Abstract Ventricular dysfunction secondary to electrical and mechanical dyssynchrony in chronic right ventricular apical pacing is a well-recognized complication. There are no previous reports of pharmacologically induced dyssynchrony. A 10-day old infant with incessant supraventricular tachycardia was admitted to the neonatal intensive care unit. Therapy with oral propranolol was initiated and due to persistence of tachycardia intravenous amiodarone was administered. The patient remained predominantly in tachycardia with heart rates between 200-290 beats per minute for a week with serial echocardiograms showing preserved ventricular function. Oral flecainide was started. After 24 hours of treatment the patient developed a slower incessant wide QRS with a left bundle branch block pattern.

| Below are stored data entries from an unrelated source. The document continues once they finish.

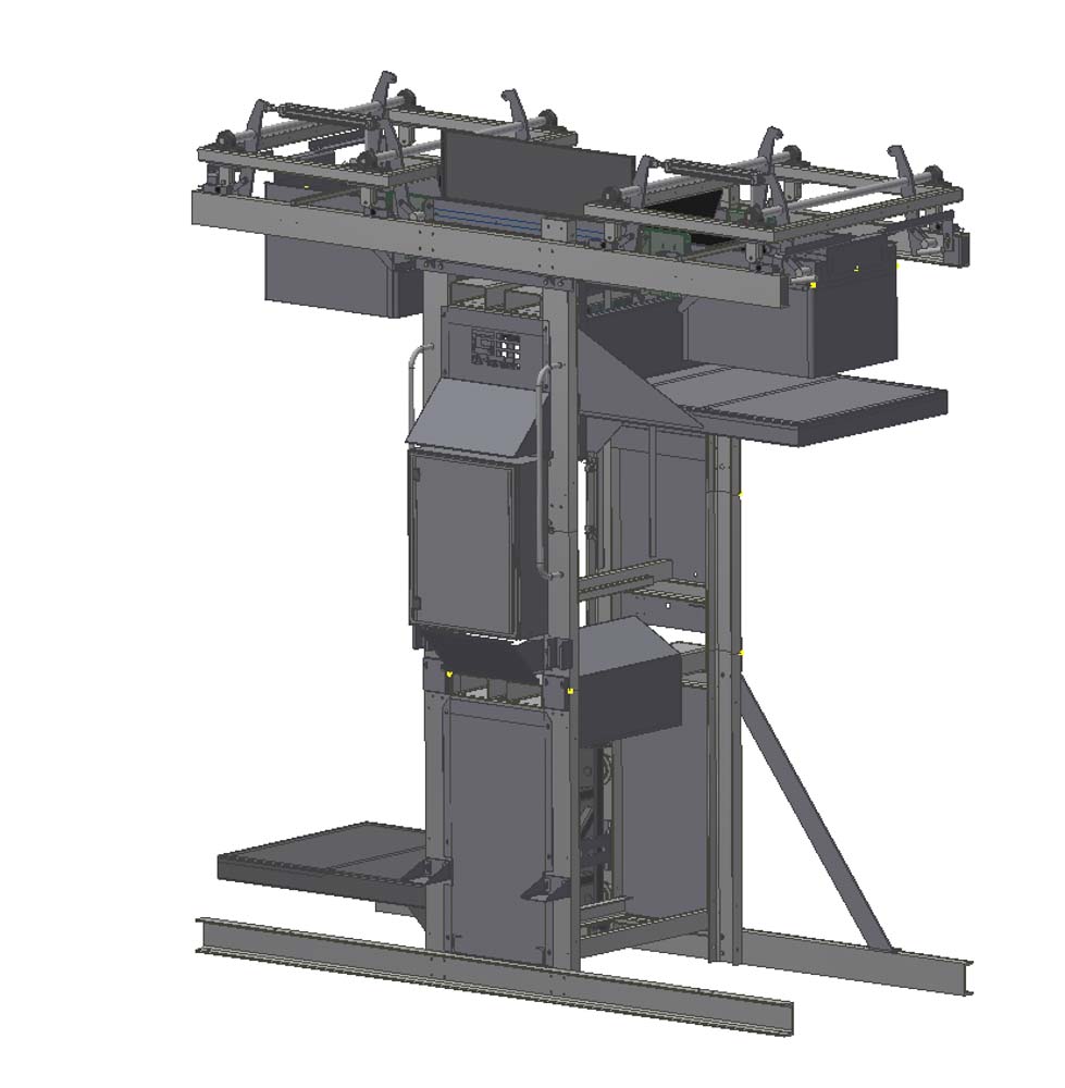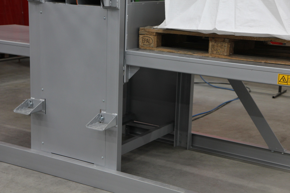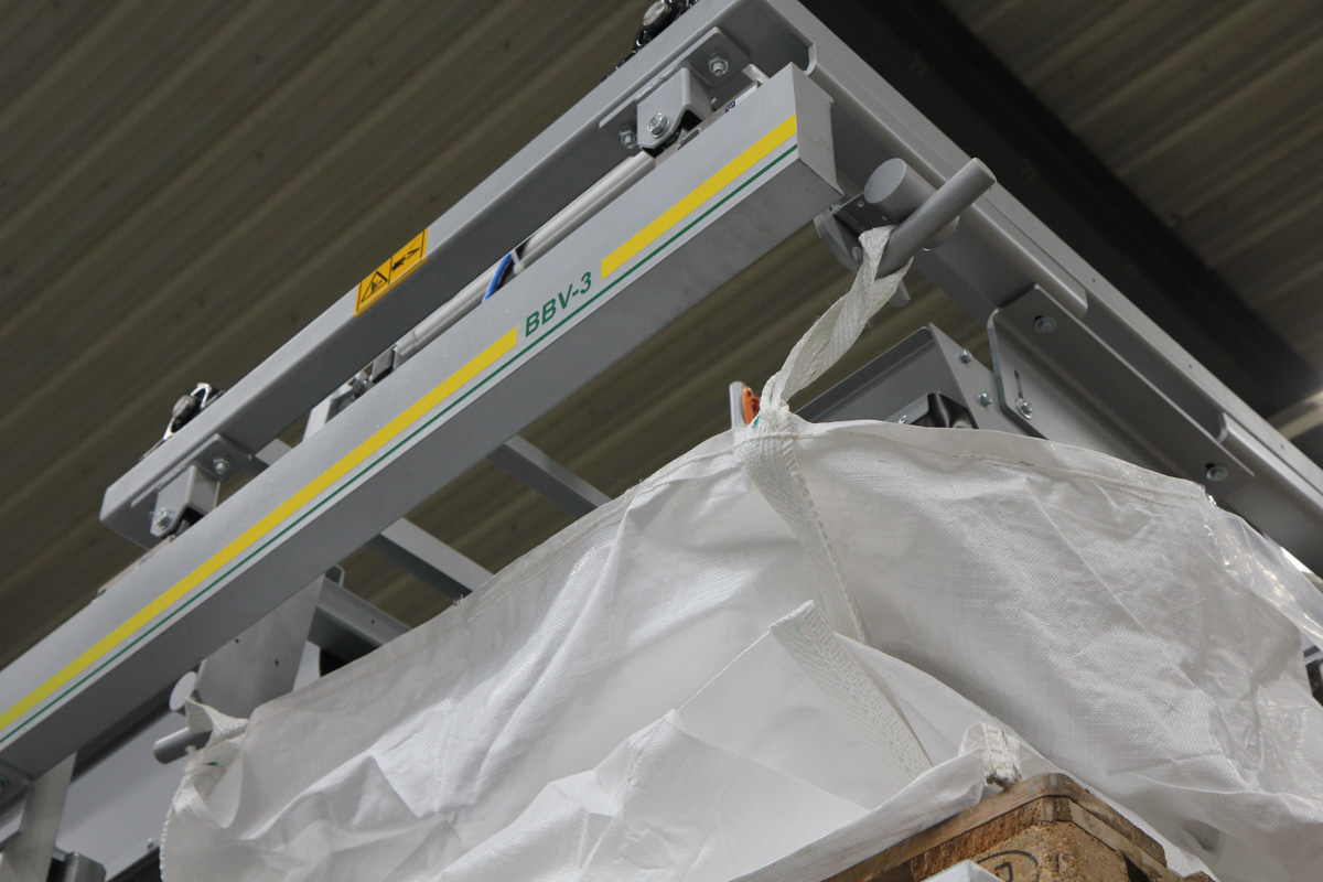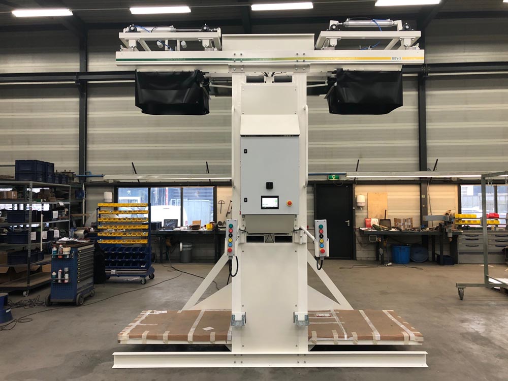 De BBV-3 is een dubbele bigbag vuller. De bigbags worden op een product vriendelijke en snelle manier gevuld door automatische hoogte aanpassing van de hefplatforms.
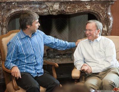 | Larry Page (trái) và Schmidt (phải). |
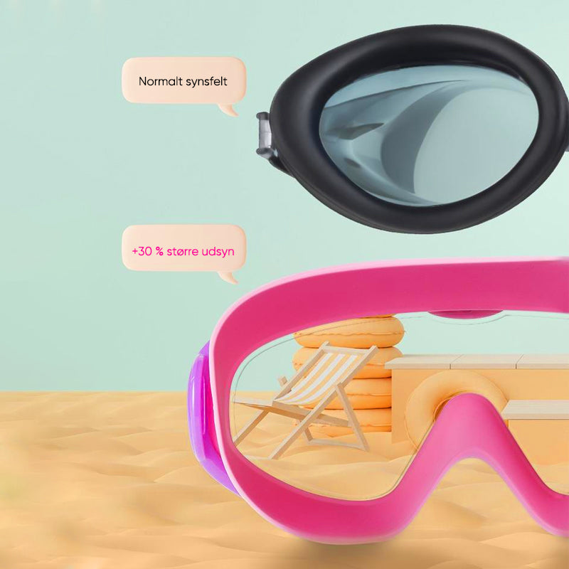 【Stort brilleglas for bedre udsyn】 Med det store brilleglas giver svømmemasken perfekt lys og bedre udsyn i vandet. Det bredere, fleksible silikonestel giver ekstrem komfort og skaber en perfekt tætning omkring dine øjne.
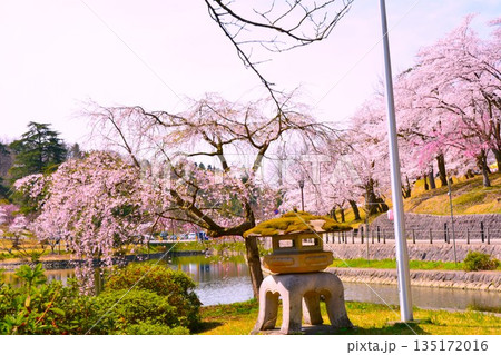 新潟県長岡市悠久山公園枝垂れ桜風景
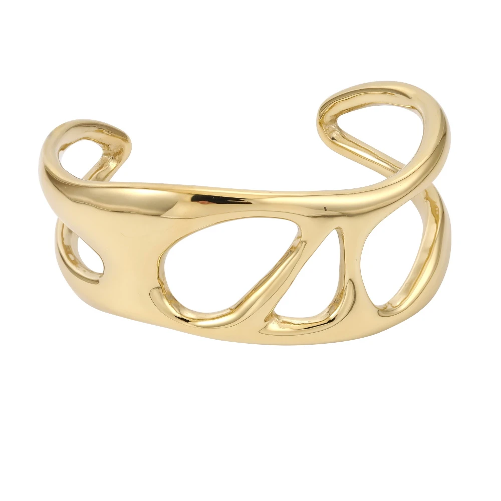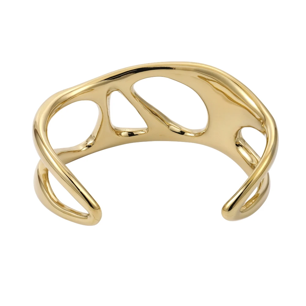 Pevný náramek z chirurgické oceli nepravidelného tvaru. Povrch náramku je leštěný pozlacený technologií PVD. Střed náramku je široký 30mm, strany náramku jsou široké 25mm, vnitřní rozměry: šířka 60mm, výška 50mm. Rozměry náramku najdete zobrazené na podpůrné fotografii.
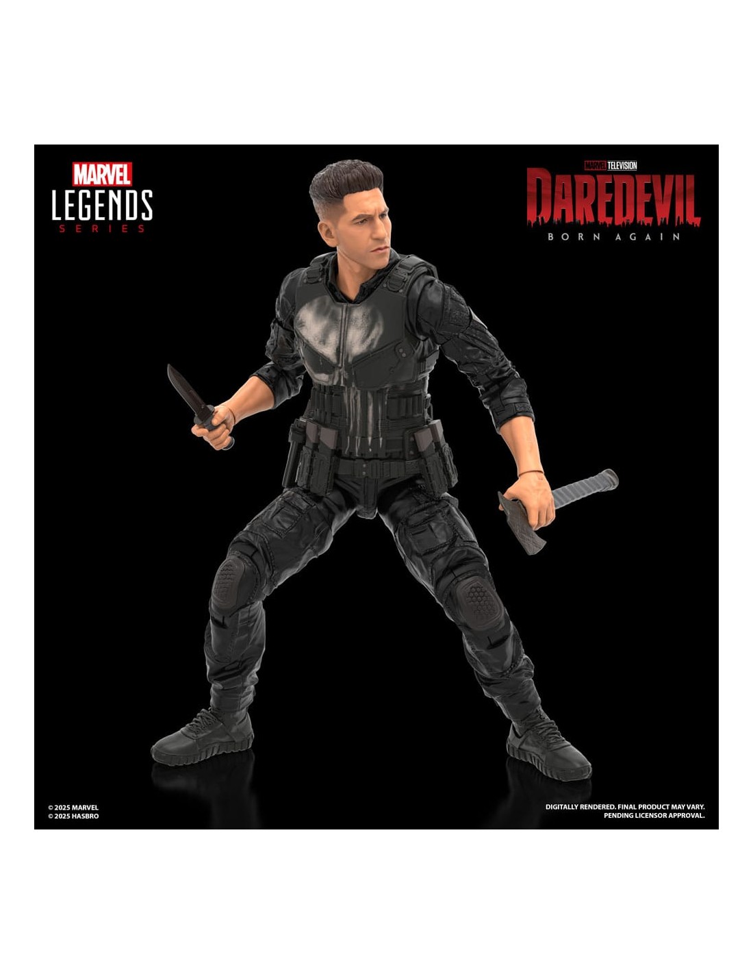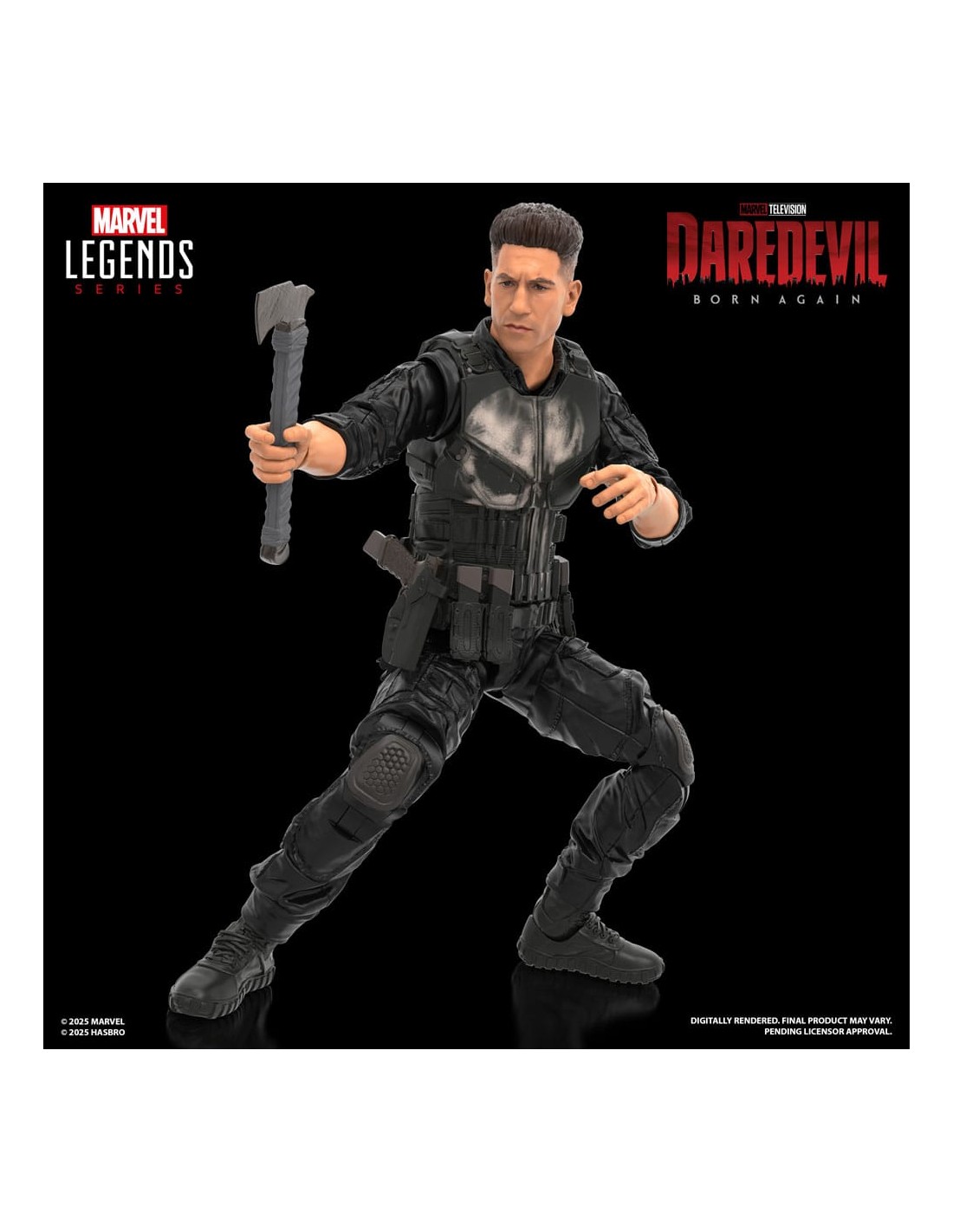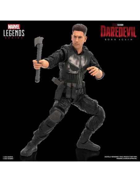 Hasbro incorpora a su colección Marvel Legends Series esta figura articulada de Punisher, basada en su aparición en la serie "Daredevil: Born Again" de Disney +. Mide 15 cm e incluye 5x accesorios: 1x set de manos alternativas, 1x hacha, 1x cuchillo y 1x pistola. Cuenta con más de 20 puntos de articulación y un diseño premium, ideal para recrear poses dinámicas. Se presenta en una caja con ventana.

The echocardiogram showed deterioration of left ventricular systolic function and moderate mitral regurgitation. Flecainide and propranolol were discontinued. The QRS complex narrowed and despite intermittent breakthroughs of supraventricular tachycardia, ventricular function normalized. Propranolol was restarted to achieve definitive control of the tachycardia. The presence of ventricular dyssynchrony generated by the left bundle branch block pattern secondary to pharmacological treatment with flecainide is a novel possible explanation for the development of ventricular dysfunction.